Ces populations se retrouvent maintenant prises en otage par une crise qu’elles n’ont pas créée : elles perdent leurs services essentiels pour colmater les fuites financières d’une société d’État mal gérée depuis des années.
La solution allemande : quand la privatisation profite aux citoyens
L’expérience allemande démonte les arguments du statu quo et démontre les bénéfices concrets de la privatisation pour les contribuables et les consommateurs. Entre 1989 et 2008, l’Allemagne a libéralisé progressivement son marché postal et privatisé Deutsche Post.

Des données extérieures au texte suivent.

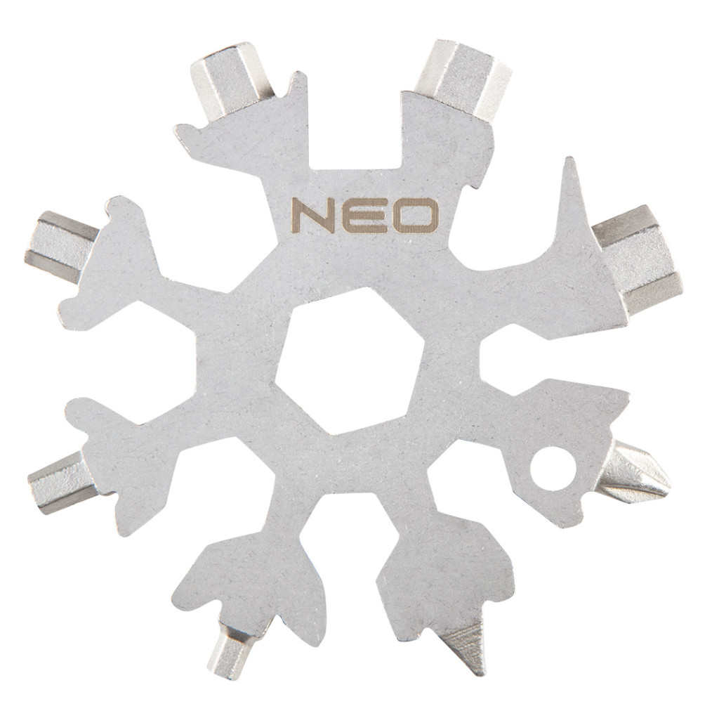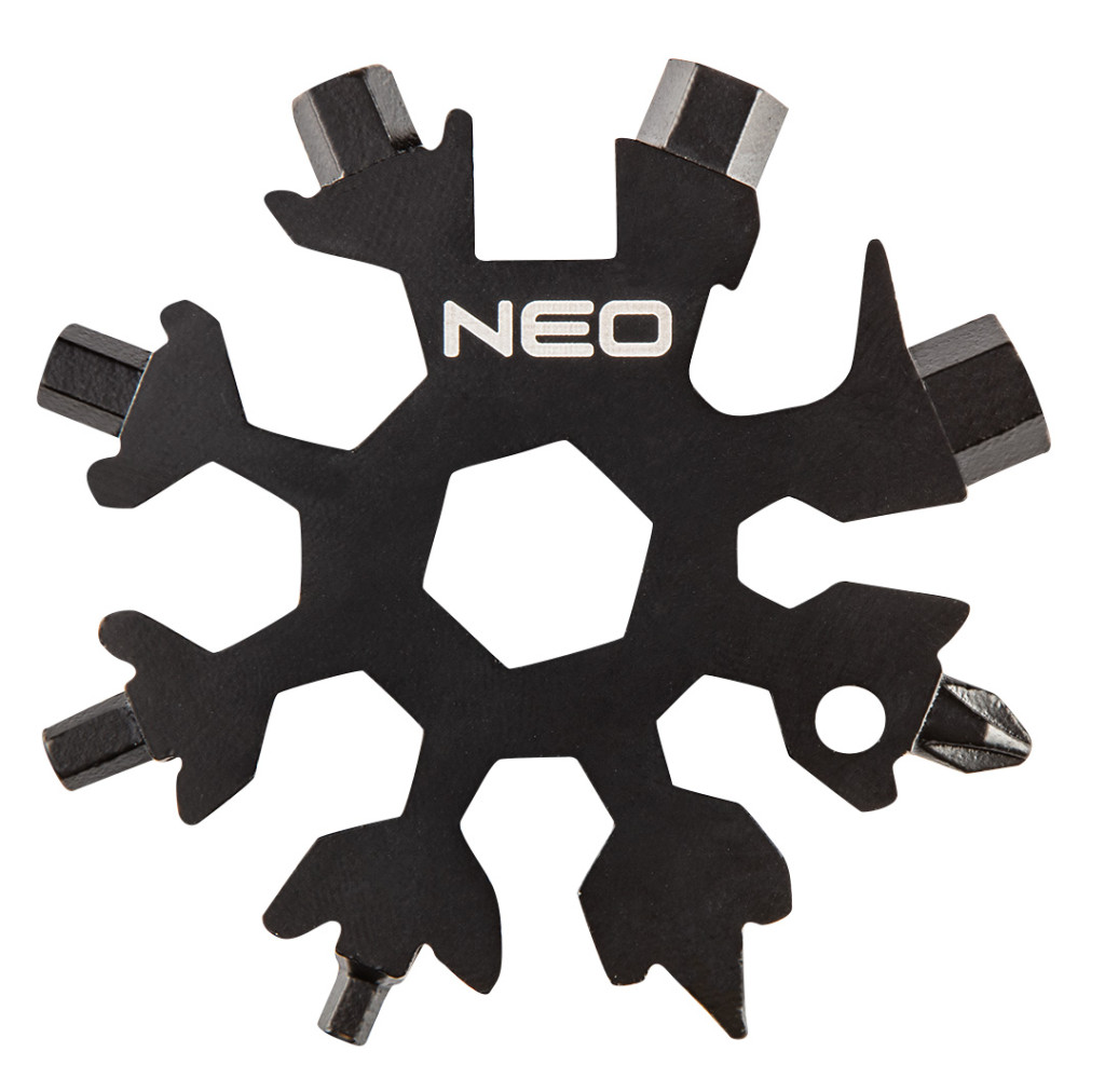 19 az 1-ben NEO hópehely multifunkciós szerszám 2 db (fekete és szürke); funkciók: imbuszkulcs 8, 9, 10, 11, 12, 13, 14, 16 mm; imbuszkulcs 3, 4, 5, 6, 7, 8 mm; csavarhúzó: lapos és Phillips, üvegnyitó; penge dobozok/csomagok vágásához; kulcslyuk; a készlet tartalma: karabíner és gyűrű; anyaga: 420 rozsdamentes acél

Des résultats spectaculaires pour les consommateurs
Les gains sont indéniables : les prix des timbres ont chuté de 10% en termes réels depuis 1989, contrastant avec le Canada où ils ont augmenté de 50% sur la même période. Cette baisse s’accompagne d’une amélioration de la qualité de service : l’Allemagne surpasse généralement les autres pays européens pour les délais de livraison internationale selon l’International Post Corporation.
Le dynamisme entrepreneurial explose : au lieu d’un monopole sclérosé, les consommateurs allemands bénéficient des services d’environ 400 entreprises offrant des services universels et de 11 000 compagnies proposant d’autres services postaux, dépassant largement tous les autres pays européens.

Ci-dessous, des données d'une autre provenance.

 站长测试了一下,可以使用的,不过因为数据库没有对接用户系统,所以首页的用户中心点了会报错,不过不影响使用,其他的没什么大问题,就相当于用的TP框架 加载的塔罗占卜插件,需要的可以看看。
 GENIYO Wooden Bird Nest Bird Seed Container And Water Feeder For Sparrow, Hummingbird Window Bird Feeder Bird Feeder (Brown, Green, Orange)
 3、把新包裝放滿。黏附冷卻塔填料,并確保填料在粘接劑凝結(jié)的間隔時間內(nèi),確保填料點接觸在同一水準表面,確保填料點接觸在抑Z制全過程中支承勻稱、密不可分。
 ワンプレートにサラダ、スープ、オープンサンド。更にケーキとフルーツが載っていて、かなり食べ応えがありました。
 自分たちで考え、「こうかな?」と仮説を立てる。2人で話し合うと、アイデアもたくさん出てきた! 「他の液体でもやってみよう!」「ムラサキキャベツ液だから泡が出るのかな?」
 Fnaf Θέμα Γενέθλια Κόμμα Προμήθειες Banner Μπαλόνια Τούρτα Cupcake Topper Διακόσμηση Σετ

Un modèle à adapter pour le Canada
Les économistes Geloso et Giguère proposent un plan de privatisation accéléré pour éviter les écueils allemands. Leur recommandation : distribuer 40% des actions aux employés dès la première année pour aligner leurs intérêts avec la performance de l’entreprise, puis ouvrir complètement le marché à la concurrence la deuxième année.
Cette approche éviterait le dépouillement d’actifs tout en créant des pressions concurrentielles salutaires. Les employés de l’entreprise, en tant qu’actionnaires, auraient de forts incitatifs à résister aux tentatives de dépouillement d’actifs.
Réponse aux préoccupations rurales
Concernant les services ruraux, l’étude propose une solution pragmatique : une compensation directe aux personnes concernées serait plus efficace et moins coûteuse que de subventionner le service avec des prix réglementés. L’amélioration de la déduction fiscale pour les résidents du Nord pourrait compenser les tarifs postaux plus élevés.
L’évidence des chiffres
La réforme allemande a forcé Deutsche Post à réduire ses effectifs de près de 50% entre 1990 et 2004 tout en améliorant son efficacité. Cette rationalisation, impossible dans un monopole public soumis aux pressions politiques, devient naturelle dans un environnement concurrentiel.
Les économistes sont formels : la privatisation tend à être plus réussie pour réduire les coûts d’exploitation lorsqu’elle s’accompagne de libéralisation permettant la concurrence.
L’urgence de changer de paradigme
Le problème de Postes Canada est simple : quand on n’a pas de concurrence, on n’a pas besoin de bien performer. Sa part de marché des colis est passée de 62% en 2019 à seulement 24% en 2024, mais cela n’a rien changé pour sa direction ou ses employés, illustrant cette incapacité structurelle à s’adapter.
Pendant que les syndicats maintiennent leurs revendications irréalistes et que le gouvernement injecte des milliards pour maintenir artificiellement un monopole défaillant, ce sont les contribuables canadiens qui paient la note.
La question demeure : le Canada est-il prêt à abandonner définitivement l’idéal du service postal universel pour embrasser la logique de marché ? Cette grève pourrait bien être le dernier soubresaut d’un modèle à bout de souffle, ou le signal d’alarme nécessaire pour repenser entièrement notre rapport au service public. Dans un cas comme dans l’autre, l’heure des demi-mesures semble révolue.